Menangani Efek Samping Terapi Tuberkulosis

Oleh :
dr. Reren Ramanda

Efek samping obat antituberkulosis masih menjadi salah satu hambatan penanganan tuberkulosis. Meskipun tuberkulosis merupakan penyakit yang dapat disembuhkan, tuberkulosis masih menjadi masalah kesehatan bermakna di seluruh dunia. Salah satu penyebabnya adalah rendahnya kepatuhan pasien terhadap terapi. Banyak faktor dapat mempengaruhi rendahnya kepatuhan terapi tuberkulosis, dimana salah satunya adalah efek samping yang ditimbulkan oleh obat-obatan antituberkulosis.[1-3]

Efek samping yang bersifat minor pada umumnya mudah diatasi. Namun, pada kasus berat, kondisi tersebut dapat mengancam nyawa. Contoh efek samping berat dari terapi antituberkulosis adalah gagal hati, gagal ginjal, dan syok.[1]

Menangani Efek Samping Terapi Tuberkulosis-min

Regimen Terapi Tuberkulosis

Saat ini, terdapat beberapa lini regimen obat antituberkulosis (OAT) yang dapat dipilih. Regimen terapi pada pasien yang belum mengalami resistensi umumnya melibatkan rifampicin (R), isoniazid (H), pyrazinamide (Z), dan ethambutol (E). Obat lain yang juga digunakan dalam terapi tuberkulosis antara lain streptomycin (S), levofloxacin, dan amikacin.

Terapi standar lini pertama yang dianjurkan untuk tuberkulosis kasus baru adalah 2RHZE/4RH, yaitu 2 bulan terapi fase intensif dan 4 bulan terapi fase lanjutan. Jika regimen tersebut tidak tersedia, maka dapat diganti menjadi 2RHZE/4R3H3.[1,2]
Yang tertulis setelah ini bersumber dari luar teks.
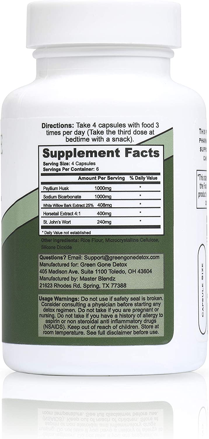 All natural 2 day detox designed by pharmacists. The detox is made from 5 ingredients: St John Wort, Sodium Bicarb, White Willow Extract, Horsetail Extract, and Psyllium Husk.
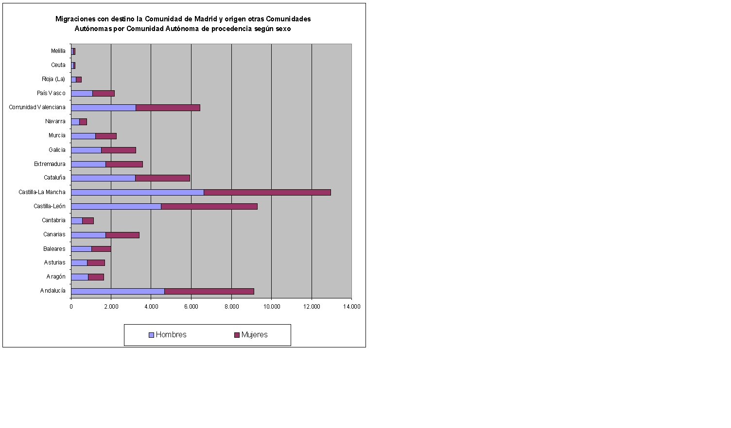 Migraciones con destino la Comunidad de Madrid y origen otras Comunidades Autónomas por Comunidad Autónoma de procedencia y sexo. 2004

Potensi Efek Samping Obat Antituberkulosis

Mayoritas kasus tuberkulosis dapat menyelesaikan pengobatan tanpa efek samping bermakna. Namun, pada sebagian kecil kasus, dapat terjadi efek samping signifikan yang mengganggu kualitas hidupi. Pemantauan gejala klinis selama pengobatan sangat penting agar efek samping dapat dideteksi segera dan dikelola secara tepat.[4-6]

Tabel 1. Potensi Efek Samping Obat Antituberkulosis

OAT Risiko Efek Samping
Isoniazid Neuropati perifer, hepatitis, Drug-induced lupus erythematosus (DILE), gangguan gastrointestinal, ruam kulit
Ethambutol Neuropati optik atau retrobulbar neuritis, neuropati perifer, hepatotoksisitas, psikosis, neuritis perifer, disorientasi
Rifampicin Pruritus, mual, muntah, flu-like symptoms, hepatotoksisitas.
Pyrazinamide Hepatotoksisitas, mual, muntah, poliartralgia, gout arthritis, ruam, dermatitis, fotosensitivitas

Sumber: dr. Reren, 2022.[5,7,8]

Potensi Efek Samping Minor

Efek samping obat antituberkulosis dapat dibagi menjadi efek samping mayor dan minor. Pasien yang mengalami efek samping minor umumnya dapat melanjutkan pengobatan dan diberikan terapi simtomatik.

Potensi efek samping minor dari obat antituberkulosis antara lain:

  • Gastrointestinal: anoreksia, mual, dan nyeri perut dapat disebabkan oleh pyrazinamide, rifampicin, ataupun isoniazid
  • Neuromuskuloskeletal: nyeri sendi, rasa terbakar, kebas atau kesemutan di tangan dan kaki dapat disebabkan oleh isoniazid
  • Genitourinaria: air kemih berwarna kemerahan, dapat disebabkan oleh rifampicin
  • Efek samping umum: rasa mengantuk akibat penggunaan isoniazid, serta flu-like symptoms akibat rifampicin[1]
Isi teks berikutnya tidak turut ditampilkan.